WHAT THIS TASK INVOLVES:
Give the data below again exactly, and drop each picture from it.

PROVIDED RECORDS:
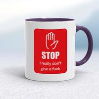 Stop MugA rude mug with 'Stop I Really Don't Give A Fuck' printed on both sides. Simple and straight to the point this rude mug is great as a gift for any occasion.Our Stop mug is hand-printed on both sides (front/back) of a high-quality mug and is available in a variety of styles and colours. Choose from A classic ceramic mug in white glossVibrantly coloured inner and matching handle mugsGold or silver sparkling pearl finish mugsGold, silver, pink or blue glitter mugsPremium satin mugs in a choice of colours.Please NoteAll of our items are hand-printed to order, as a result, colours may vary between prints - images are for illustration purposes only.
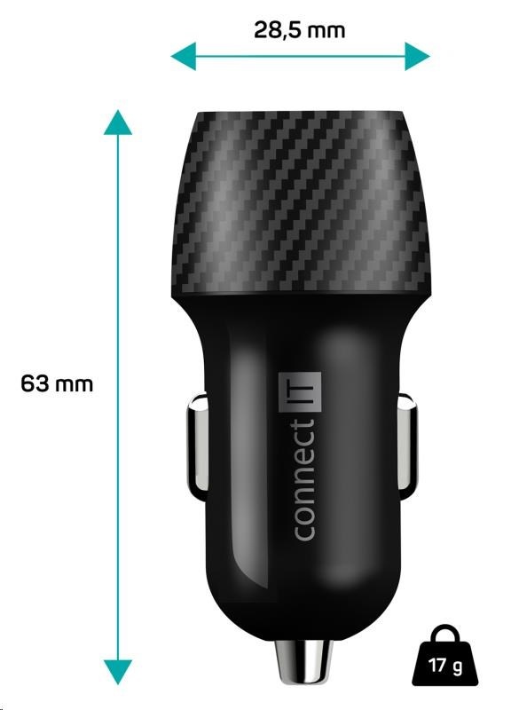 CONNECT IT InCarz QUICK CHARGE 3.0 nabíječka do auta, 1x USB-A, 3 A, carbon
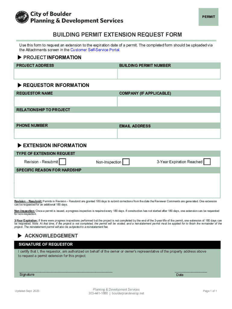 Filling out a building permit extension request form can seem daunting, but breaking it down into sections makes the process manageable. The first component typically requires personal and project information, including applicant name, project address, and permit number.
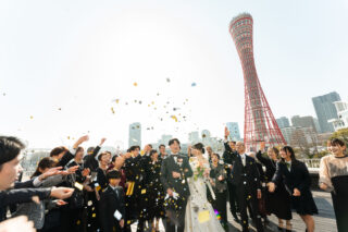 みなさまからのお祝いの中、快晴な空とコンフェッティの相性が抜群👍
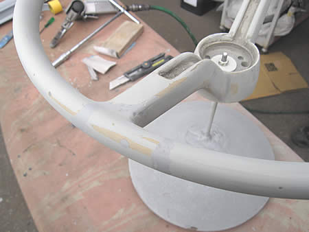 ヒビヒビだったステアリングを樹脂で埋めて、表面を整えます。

EXERCISE ANSWER:
 Stop MugA rude mug with 'Stop I Really Don't Give A Fuck' printed on both sides. Simple and straight to the point this rude mug is great as a gift for any occasion.Our Stop mug is hand-printed on both sides (front/back) of a high-quality mug and is available in a variety of styles and colours. Choose from A classic ceramic mug in white glossVibrantly coloured inner and matching handle mugsGold or silver sparkling pearl finish mugsGold, silver, pink or blue glitter mugsPremium satin mugs in a choice of colours.Please NoteAll of our items are hand-printed to order, as a result, colours may vary between prints - images are for illustration purposes only.
 CONNECT IT InCarz QUICK CHARGE 3.0 nabíječka do auta, 1x USB-A, 3 A, carbon
 Filling out a building permit extension request form can seem daunting, but breaking it down into sections makes the process manageable. The first component typically requires personal and project information, including applicant name, project address, and permit number.
 みなさまからのお祝いの中、快晴な空とコンフェッティの相性が抜群👍
 ヒビヒビだったステアリングを樹脂で埋めて、表面を整えます。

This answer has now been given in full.